DOLL OF CÁLAKO MANA.
A tray full of corn and other seeds which was set beside the cones was obtained by the Tatcü′kti from Nakwaíyumsi, the chief priestess of the Katcina clan. At the close of the ceremony Íntiwa distributed these seeds in small handfuls to all the women spectators, to be planted the coming season. It was not learned that these seeds were consecrated by the priestess, but they were part of those planted in the kivas on the night of the 21st.
January 22—The younger men brought sand from a mound[60]and threw it down in a pile at the east of the kiva, and each man, as he came into the room with his basin, box, or other receptacle, filled it with this sand. He then thickly sprinkled the surface of the sand with seeds of every kind. Some had several vessels which they thus planted, and the old wife of Soyóko gave her grandson a bag of large white beans to plant for her.[61]The basins were well watered, a hot fire was kept in the kiva, and the hatch or entrance was entirely covered with a straw mat to retain the heat in the chamber, making it a veritable hothouse.
January 24—No ceremonies occurred today, but constant fires were maintained in the kivas, from the heat of which the beans soon sprouted. It was understood that children must not be told that beans were growing in the kivas nor be allowed to look into the room.
January 25—The Tatcü′kti went out from the Álkiva this morning for wood, making their way northward, past Wala and along the mesa to the cedar grove. They returned at evening, but left the wood they had gathered at the gap.[62]There was no singing nor dancing in the kivas during the night.

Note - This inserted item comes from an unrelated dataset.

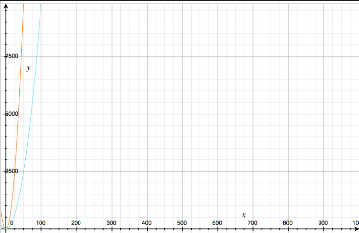 Новая кривая (голубая) выглядит менее крутой, чем исходная. Однако их формы очень похожи, как и их поведение при увеличении размера ввода. Кривые сначала растут медленно, затем быстрее и, наконец, устремляются к бесконечности, как мы видим на этом изображении, где обе оси масштабированы в 100 раз: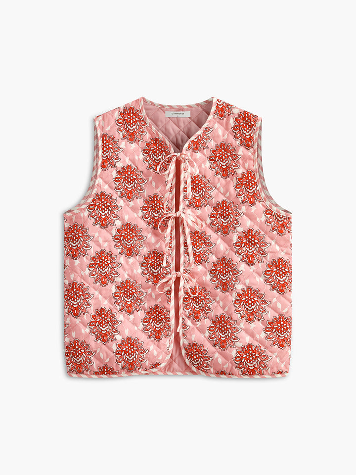 Nuboheme Baskılı Önden Bağlamalı Yelek

January 26—During the morning the Tatcü′kti went to Wala to bring in the wood they had collected yesterday. Before their departure they covered their bodies with pinkish clay, put on an old kilt (kwáca),[63]blue leggings, and masks with knobs. Each carried an eagle-tail feather in the left and a small gourd in the right hand. Theyreturned along the trail, marching in single file, with the loads of wood on their backs, stamping their feet as they came. They likewise shook their rattles and occasionally turned and walked backward.
They first assembled around each of the kiva hatchways in Hano, singing and chaffing one another, and were sprinkled with meal by the kiva chiefs. Proceeding onward to Sitcomovi, they went to the entrances of the kivas of this pueblo and were there sprinkled with meal by the chiefs as they sang their curious songs, accompanying them with a stamping of the feet and a rotating movement of the body. It was after 1 oclock when they arrived at Walpi, for they halted a short time at the neck of the mesa to arrange their loads. As they entered the pueblo they advanced along the south street singing as they went.
At the entrance to Tcívatokiva they stopped and told Pauwatíwa a facetious story of their wood-gathering. He sprinkled them with meal, and they then went on to the dance court and set down their bundles, all the time making a droll byplay. They then separated into parties of two or three members and visited the houses of several women, with whom they left one or more bundles of wood. These women had previously prepared nakwákwocis, which they gave to the clowns with a handful of meal.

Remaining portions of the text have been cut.